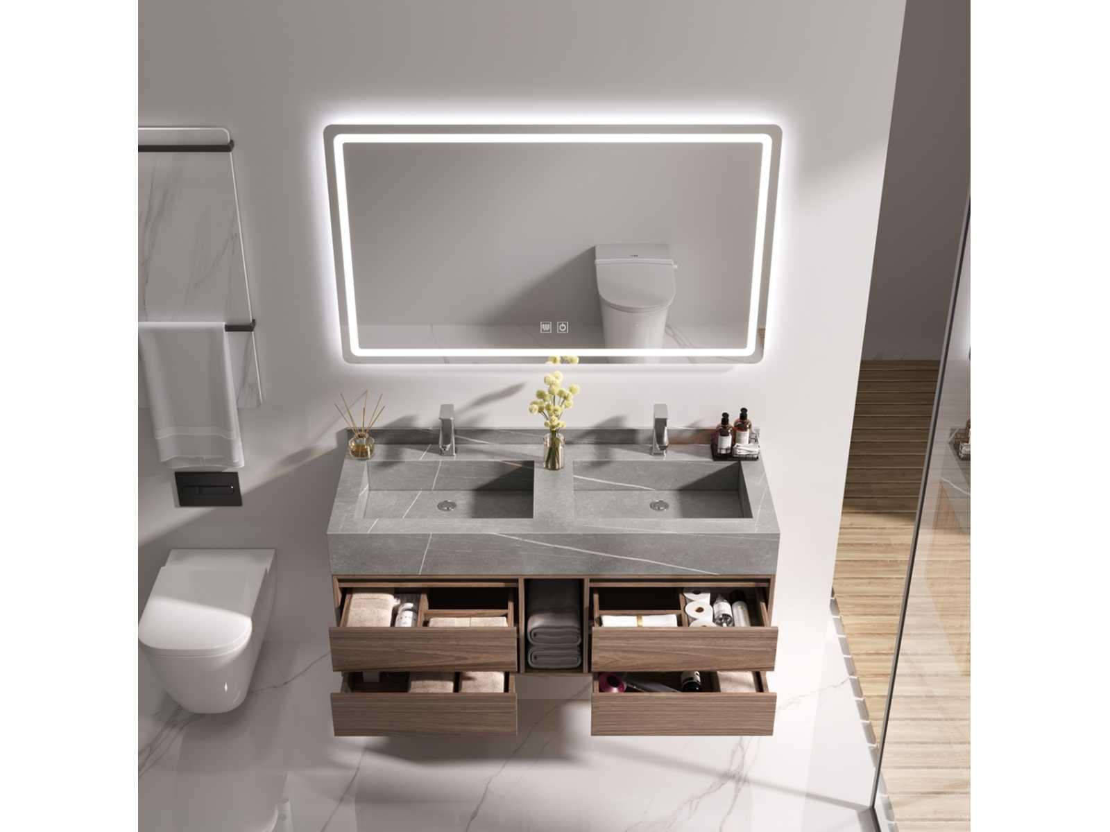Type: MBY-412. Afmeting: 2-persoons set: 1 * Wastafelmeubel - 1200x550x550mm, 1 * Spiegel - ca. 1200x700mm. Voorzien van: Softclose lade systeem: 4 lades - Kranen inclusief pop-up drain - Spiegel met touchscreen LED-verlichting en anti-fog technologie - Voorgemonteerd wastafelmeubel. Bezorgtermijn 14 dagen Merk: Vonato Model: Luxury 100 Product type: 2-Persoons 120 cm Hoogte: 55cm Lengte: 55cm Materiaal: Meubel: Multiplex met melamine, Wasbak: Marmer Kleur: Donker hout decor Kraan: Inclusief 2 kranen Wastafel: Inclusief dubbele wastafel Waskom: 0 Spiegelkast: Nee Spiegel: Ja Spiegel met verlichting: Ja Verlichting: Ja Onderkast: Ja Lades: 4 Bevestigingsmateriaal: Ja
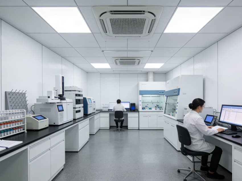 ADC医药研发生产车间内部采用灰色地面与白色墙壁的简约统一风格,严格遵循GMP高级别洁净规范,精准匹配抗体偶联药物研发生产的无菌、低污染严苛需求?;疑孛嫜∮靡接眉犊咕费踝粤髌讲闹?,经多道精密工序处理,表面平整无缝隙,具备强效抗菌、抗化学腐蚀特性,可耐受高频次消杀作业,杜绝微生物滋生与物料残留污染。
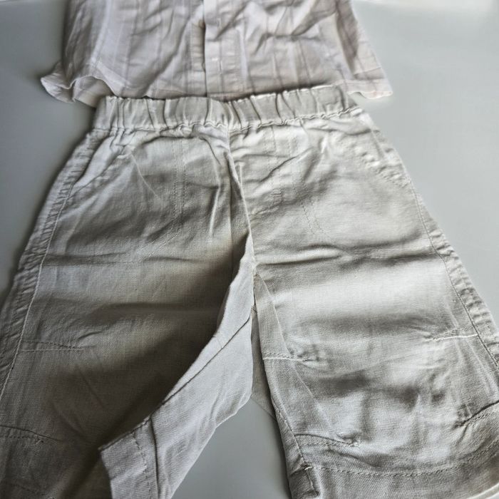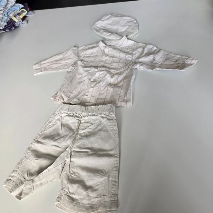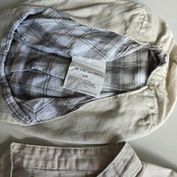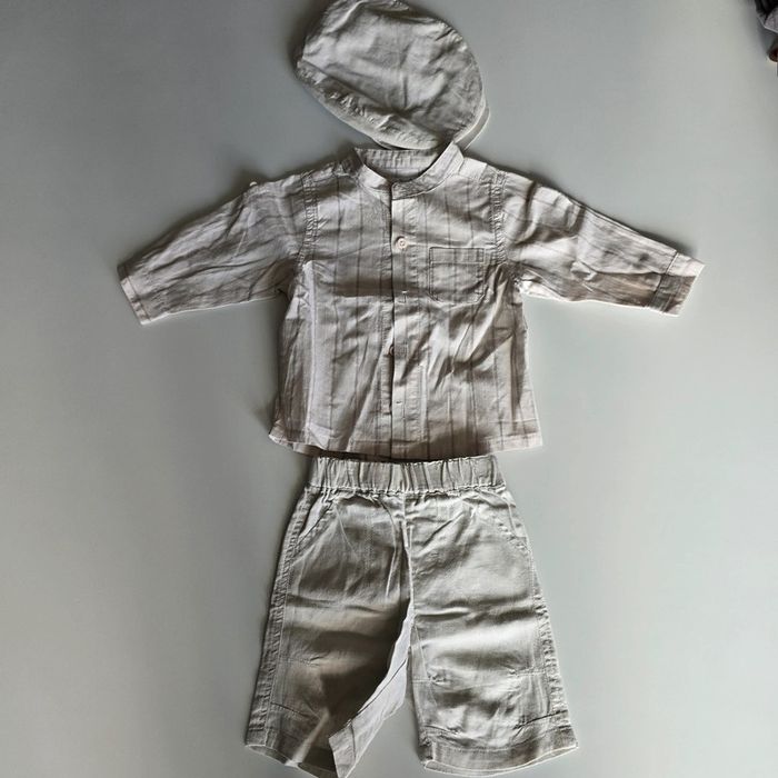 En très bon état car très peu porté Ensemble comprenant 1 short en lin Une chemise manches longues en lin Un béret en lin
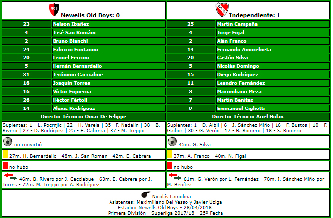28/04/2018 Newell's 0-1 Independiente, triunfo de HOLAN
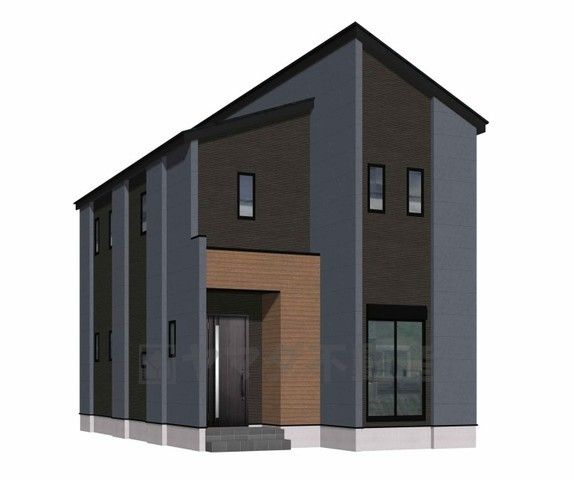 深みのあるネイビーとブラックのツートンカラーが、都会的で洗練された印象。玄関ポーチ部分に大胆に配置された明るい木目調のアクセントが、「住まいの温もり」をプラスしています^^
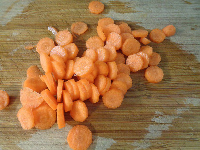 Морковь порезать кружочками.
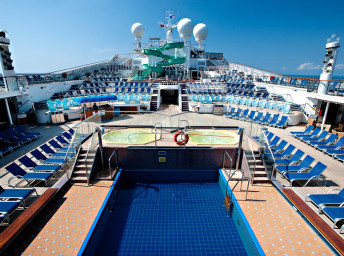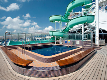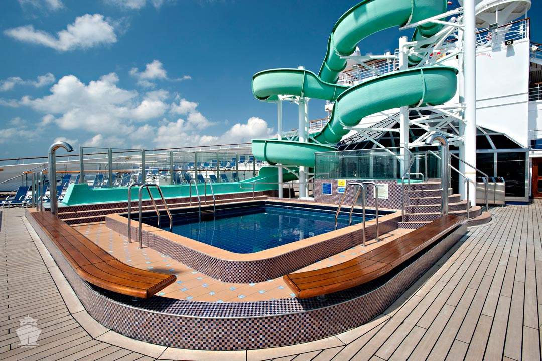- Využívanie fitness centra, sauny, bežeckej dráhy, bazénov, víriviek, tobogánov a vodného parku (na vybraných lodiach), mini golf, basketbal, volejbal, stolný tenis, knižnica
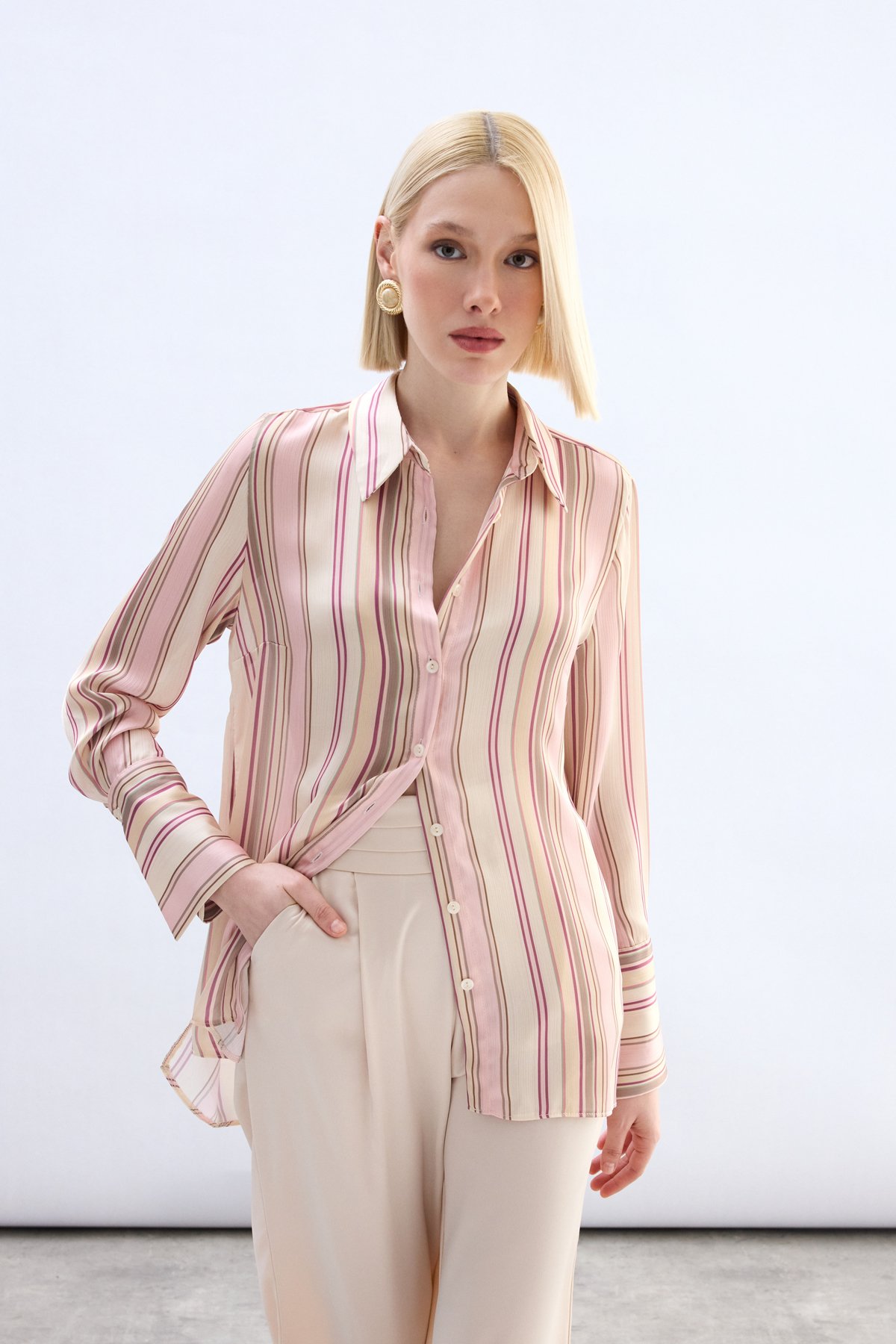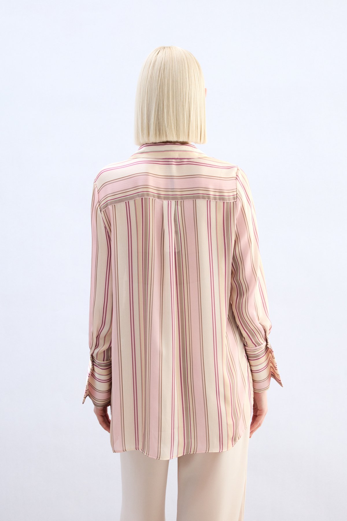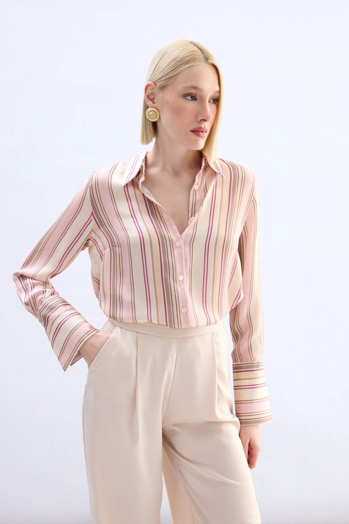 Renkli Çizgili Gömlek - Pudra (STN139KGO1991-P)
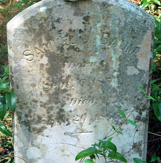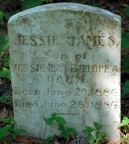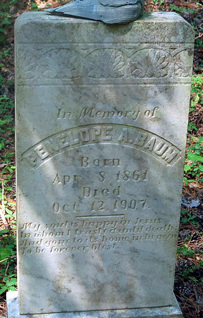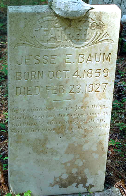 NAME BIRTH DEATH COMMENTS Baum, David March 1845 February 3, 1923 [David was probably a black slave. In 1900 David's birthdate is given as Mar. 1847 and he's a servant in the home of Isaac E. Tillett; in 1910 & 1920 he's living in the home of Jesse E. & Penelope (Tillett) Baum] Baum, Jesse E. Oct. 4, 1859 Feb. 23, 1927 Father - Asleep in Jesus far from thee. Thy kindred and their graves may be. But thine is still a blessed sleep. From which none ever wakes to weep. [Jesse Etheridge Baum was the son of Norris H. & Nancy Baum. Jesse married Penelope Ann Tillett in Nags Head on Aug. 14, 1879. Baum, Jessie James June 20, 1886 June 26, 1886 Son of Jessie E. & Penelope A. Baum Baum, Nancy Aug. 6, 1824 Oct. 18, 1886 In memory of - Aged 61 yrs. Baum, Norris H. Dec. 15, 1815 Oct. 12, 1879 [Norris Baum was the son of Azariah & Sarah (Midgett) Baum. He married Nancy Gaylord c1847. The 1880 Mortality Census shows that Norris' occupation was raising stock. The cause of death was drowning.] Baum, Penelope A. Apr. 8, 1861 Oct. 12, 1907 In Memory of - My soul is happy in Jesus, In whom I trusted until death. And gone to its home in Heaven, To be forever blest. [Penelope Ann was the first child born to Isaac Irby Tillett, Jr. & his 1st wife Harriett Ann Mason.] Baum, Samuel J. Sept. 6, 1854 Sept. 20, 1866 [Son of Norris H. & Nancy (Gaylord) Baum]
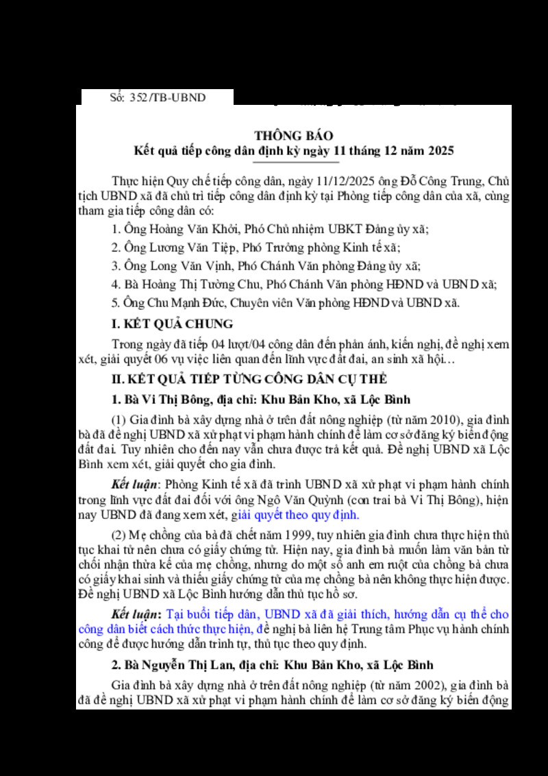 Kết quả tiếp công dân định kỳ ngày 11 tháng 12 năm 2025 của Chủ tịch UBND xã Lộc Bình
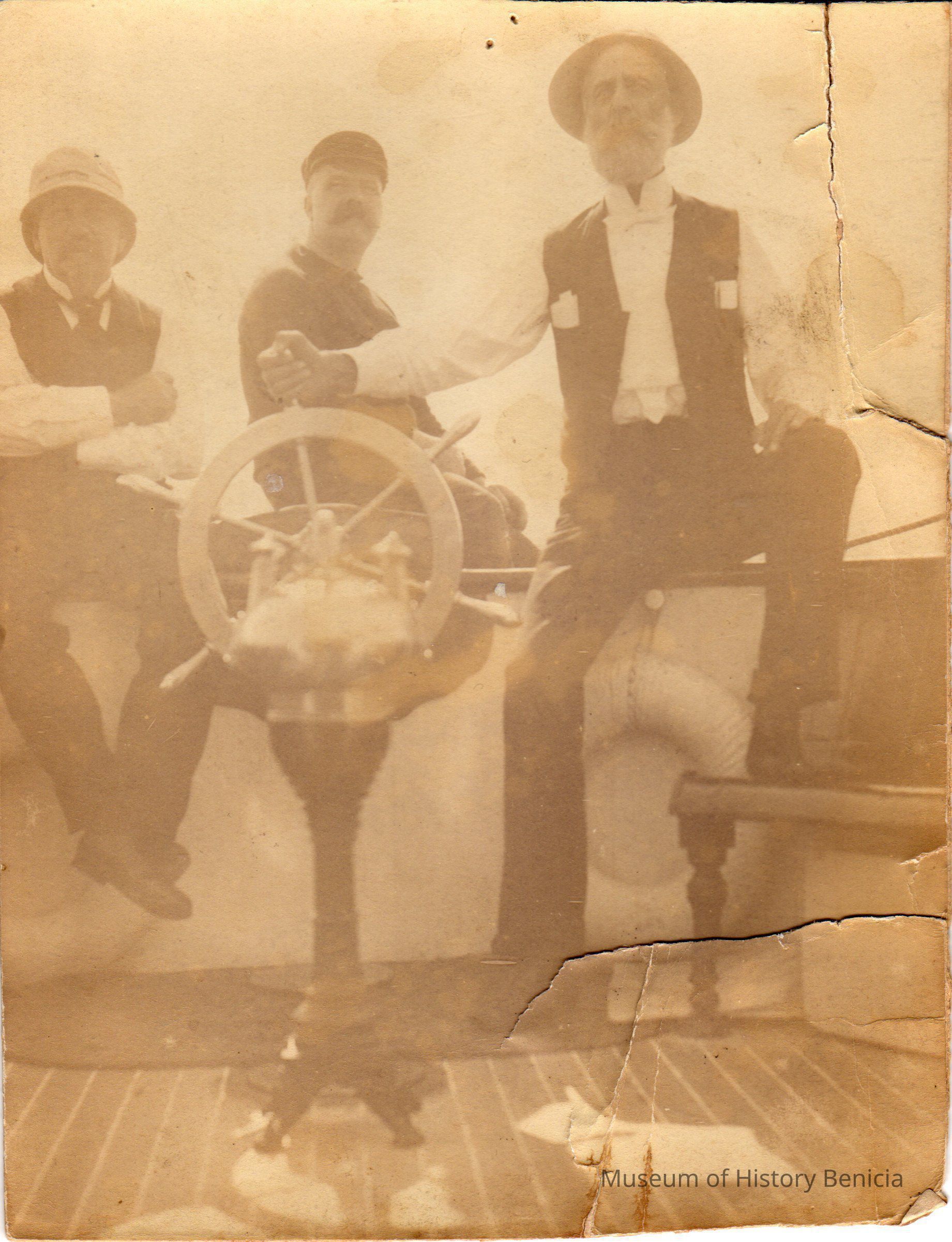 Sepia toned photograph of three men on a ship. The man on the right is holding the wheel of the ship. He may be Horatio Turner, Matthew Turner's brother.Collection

**Work to complete:** Without the pictures, return the listing above from its first line through the line that has "Renkli Çizgili Gömlek".

**Answer area:**
Type: MBY-412. Afmeting: 2-persoons set: 1 * Wastafelmeubel - 1200x550x550mm, 1 * Spiegel - ca. 1200x700mm. Voorzien van: Softclose lade systeem: 4 lades - Kranen inclusief pop-up drain - Spiegel met touchscreen LED-verlichting en anti-fog technologie - Voorgemonteerd wastafelmeubel. Bezorgtermijn 14 dagen Merk: Vonato Model: Luxury 100 Product type: 2-Persoons 120 cm Hoogte: 55cm Lengte: 55cm Materiaal: Meubel: Multiplex met melamine, Wasbak: Marmer Kleur: Donker hout decor Kraan: Inclusief 2 kranen Wastafel: Inclusief dubbele wastafel Waskom: 0 Spiegelkast: Nee Spiegel: Ja Spiegel met verlichting: Ja Verlichting: Ja Onderkast: Ja Lades: 4 Bevestigingsmateriaal: Ja
 ADC医药研发生产车间内部采用灰色地面与白色墙壁的简约统一风格,严格遵循GMP高级别洁净规范,精准匹配抗体偶联药物研发生产的无菌、低污染严苛需求?;疑孛嫜∮靡接眉犊咕费踝粤髌讲闹?,经多道精密工序处理,表面平整无缝隙,具备强效抗菌、抗化学腐蚀特性,可耐受高频次消杀作业,杜绝微生物滋生与物料残留污染。
 En très bon état car très peu porté Ensemble comprenant 1 short en lin Une chemise manches longues en lin Un béret en lin
28/04/2018 Newell's 0-1 Independiente, triunfo de HOLAN
 深みのあるネイビーとブラックのツートンカラーが、都会的で洗練された印象。玄関ポーチ部分に大胆に配置された明るい木目調のアクセントが、「住まいの温もり」をプラスしています^^
 Морковь порезать кружочками.
- Využívanie fitness centra, sauny, bežeckej dráhy, bazénov, víriviek, tobogánov a vodného parku (na vybraných lodiach), mini golf, basketbal, volejbal, stolný tenis, knižnica
 Renkli Çizgili Gömlek - Pudra (STN139KGO1991-P)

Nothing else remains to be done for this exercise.